The new version of nullabor contains numerical measures that quantify how close the plot of the data is to the null plots in a lineup. It is very difficult to quantify all patterns that might be read from plots, so these should be taken in a spirit ofa Herculean task. The goal is to get some sense of what people are reacting to in a plot, which could be then associated with the text descriptions from people, or with data from an eyetracker.

To illustrate the use of the package, for doing inference using graphics, we adapt an example fro elementary statistics on the color distribution in packs of skittles^TM. Skittles come in different flavored bags - we will use the Wildberry packs, which have purple, red, blue, pink, and green. According to http://www.ask.com.

*“In a batch of candies produced in the Skittles factory, there are equal amounts of the five colors all mixed together before being packaged into separate bags. Consequently, each color should represent approximately 20 percent of any one skittles bag.”*

In 2.17oz bags there are supposed to be 56 skittles on average, give or take some deformities. We can use R to simulate the distribution of colors in a bag of skittles, assuming each color is packed with equal proportion, 20%, and use Alyssa Frazee’s RSkittleBrewer package to color the plot of the data to match the candy colors.

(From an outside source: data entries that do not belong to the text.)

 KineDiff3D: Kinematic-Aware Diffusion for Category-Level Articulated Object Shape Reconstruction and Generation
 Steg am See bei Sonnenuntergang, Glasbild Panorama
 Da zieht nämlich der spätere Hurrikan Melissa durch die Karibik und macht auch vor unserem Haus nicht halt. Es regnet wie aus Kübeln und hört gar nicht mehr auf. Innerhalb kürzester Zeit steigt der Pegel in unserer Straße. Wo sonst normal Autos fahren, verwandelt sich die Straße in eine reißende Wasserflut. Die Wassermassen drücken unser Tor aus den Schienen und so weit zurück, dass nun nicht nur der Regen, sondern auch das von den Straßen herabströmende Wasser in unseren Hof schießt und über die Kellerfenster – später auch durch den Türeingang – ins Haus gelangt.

There were 15, 9, 10, 9, 13 purple, red, blue, pink, green skittles, with proportions 0.27, 0.16, 0.18, 0.16, 0.23 respectively. If you were to just look at this distribution, particularly if you don’t like the purple color, you might be tempted to think the Mars company is conspiring against you to put more purple skittles into the packs.

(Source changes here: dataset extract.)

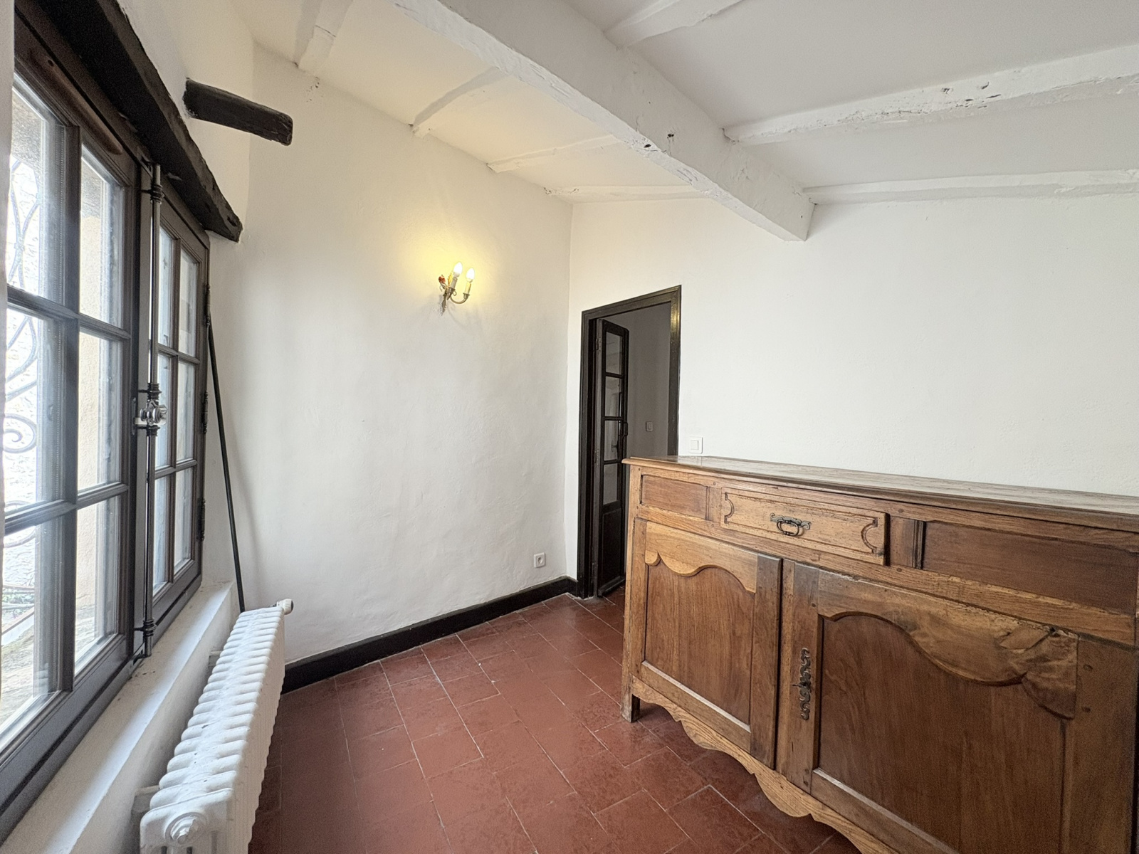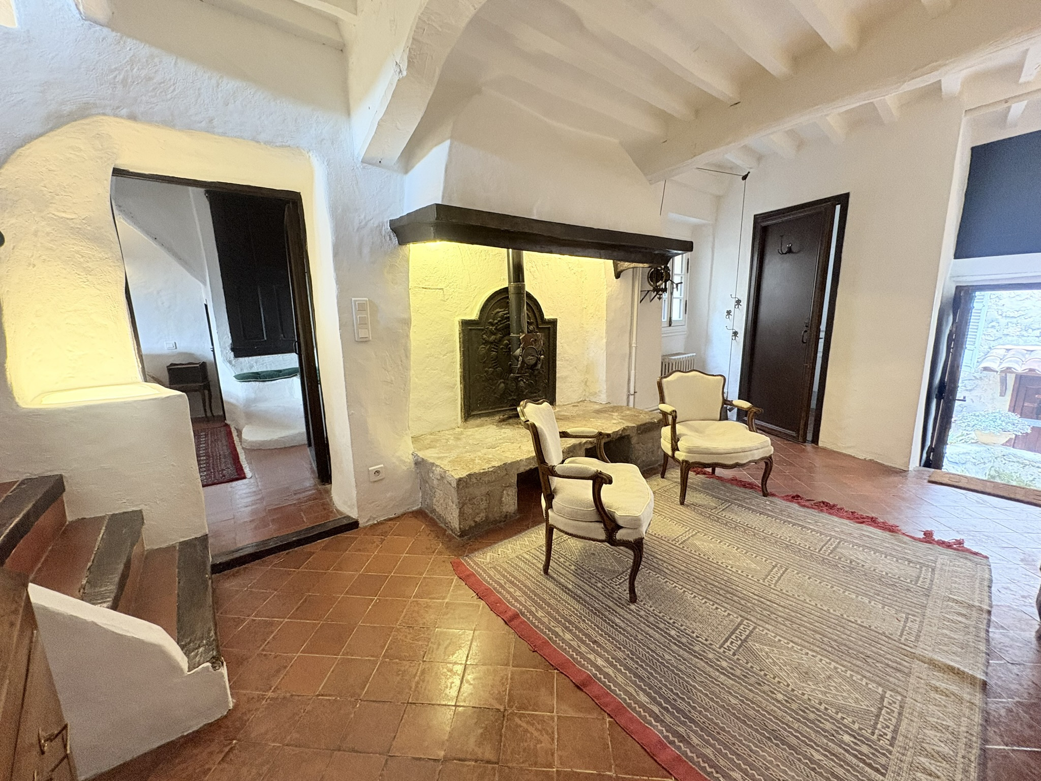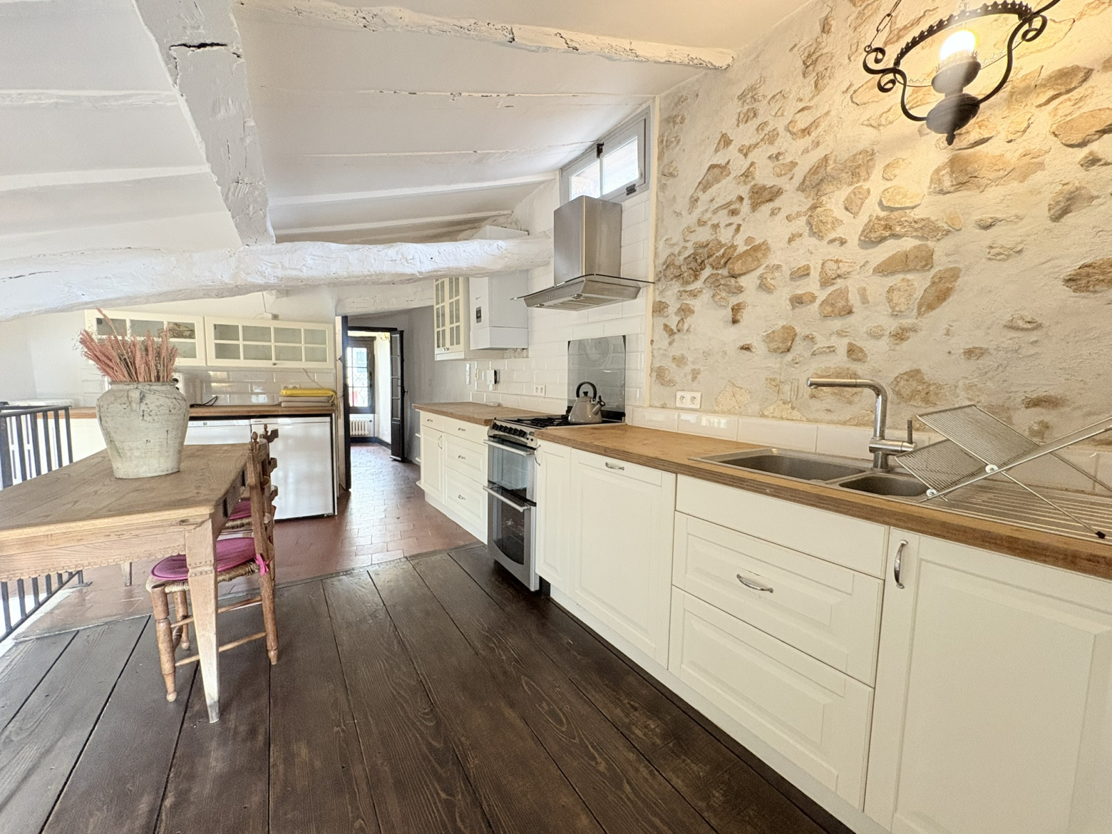 Le vaste salon – salle à manger, baigné de lumière grâce à ses cinq fenêtres, révèle une ambiance élégante et apaisante, sublimée par une cheminée ancienne. Vous trouverez également un bureau, parfait pour écrire, lire ou télétravailler dans un cadre inspirant, ainsi qu’une salle de bains avec WC.

In an early statistics class, this might be tested using a hypothesis test:

Ho: p1=p2=p3=p4=p5 vs Ha: Not all equal

by calculating a X^2 test statistic with expected counts for each color equal to 11.2:

X^2=2.571, df=4, p-value=0.63. This is a large p-value, so you would conclude that there is no evidence to reject Ho, and you would conclude that the packs are actually produced using an equal proportion of all colors.

This requires that the audience knows a little statistics, and understands the logic behind hypothesis testing. If we were to examine the problem using the lineup protocol from visual inference, we would generate another 19 data sets from the null distribution and plot these along with the plot of the data. You would ask **which of the 20 plots is the most different from the others** (a little more general than asking specifically about the purple count, which enables more general discoveries of unexpected patterns).

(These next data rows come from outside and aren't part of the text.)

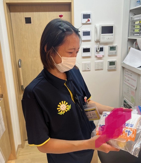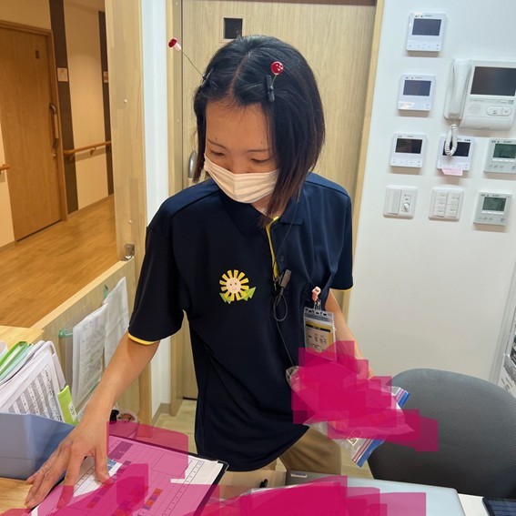 いつもニコニコ丁寧ですがお風呂介助やお掃除、リネン交換などはバリバリ行ってくれる愛されキャラです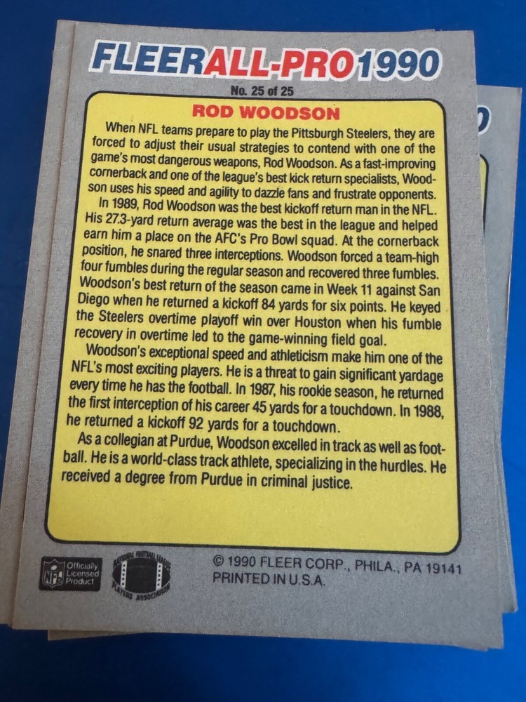 1990 Fleer All Pro Insert Cards - You pick from the list of the 25 card set. Cards are generally nm or better with no major defects. $1 envelope shipping for as many cards as you purchase.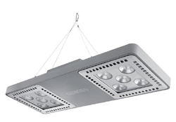 La suspension industrielle Smart [4] de Gewiss est une solution d’éclairage alliant efficacité énergétique et performances photométriques élevées dans le temps (80 000 heures avec un maintien du flux à 80 % et 100 000 heures avec un maintien du flux à 70 %). Elle dispose d’une optique de haute puissance permettant une focalisation très précise du flux lumineux.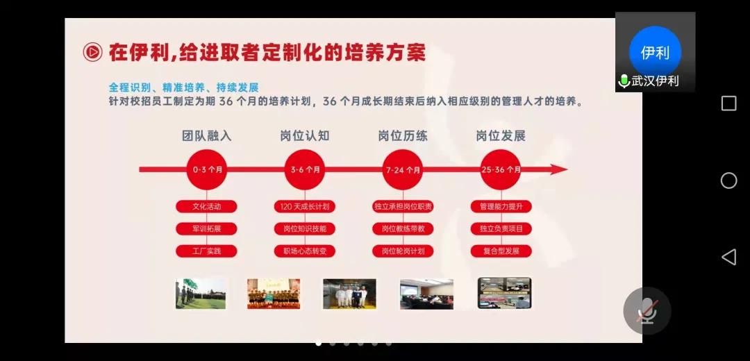 18级部分毕业生参加会议。此次会议由武汉伊利集团人事行政经理郑婷主持。

Your bag is in position 19. There is a lot of variation from one plot to another, which happens when sampling from a uniform distribution. It is not unusual to obtain 15 of one color in a pack. Sampling does not yield a flat distribution each time, numbers of each category can vary wildly in packs of size 56.

If you are not convinced, here is a new example. Technically, you should not view a lineup of your plotted data, after you have already seen your data. It will always stand out because you recognize it. This time, you have not been told which bag was yours, so you are asked to find the plot among the 20 which has the strangest distribution, as a way to find your bag. We’ll tell you which is yours after you pick, but the answer is at the bottom of this page.

Among the bag counts, there are bags with as few as 1 purple skittle, and as many as 19. There is a bag with 19 red skittles, and yet another with 19 pink skittles, and oh, there is a bag with 20 blue skittles. The numbers of each color vary wildly from bag to bag.

Let’s switch up the scenario. Suppose you really are right, that the Mars company is filling bags with twice as many purple skittles as any other color. What would this look like? Here’s a lineup of your bag of skittles, where the company has filled it with a higher proportion of purple, compared with counts for bags filled using equal numbers. **Pick the plot that is the most different.**

If we were to conduct the hypothesis test for this data, the details would be:

X^2=19, df=4, p-value=0.0008

which would result in rejecting the null hypothesis and concluding that Mars was filling bags with too many purples. The actual proportions used to generate the data were 50% purple, and 12.5% for the other colors. The resulting samples look quite different in the plots, from those that were generated under the assumption that all colors are packed equally.

Using the lineup protocol is similar to the Sesame Street task, “one of these things is not like the other”. It enables illustrating statistical significance or lack of it, with less technical detail than the traditional hypothesis testing requires, and opens the door to many more problems where assumptions underlying formal hypothesis testing are not satisfied.

The second paragraph from http://www.ask.com provides more details on sampling variability:

*“However, due to occasional errors in the mixing process, each small sample of the overall batch will likely have deviations from the 20 percent that each color should represent. In a perfect world, the candy batch would be completely uniform before packaging, resulting in the perfect proportion of Skittles for each bag. Because errors result in minor deviations, Skittles’ consumers can expect to have anywhere from a 15 to 23 percent composition of any color when they open their bag.”*

The nullabor package makes it easy to generate lineups. Details on the package can be found here.

The position of the actual data plot in the latter two lineups were 17 and 7, respectively.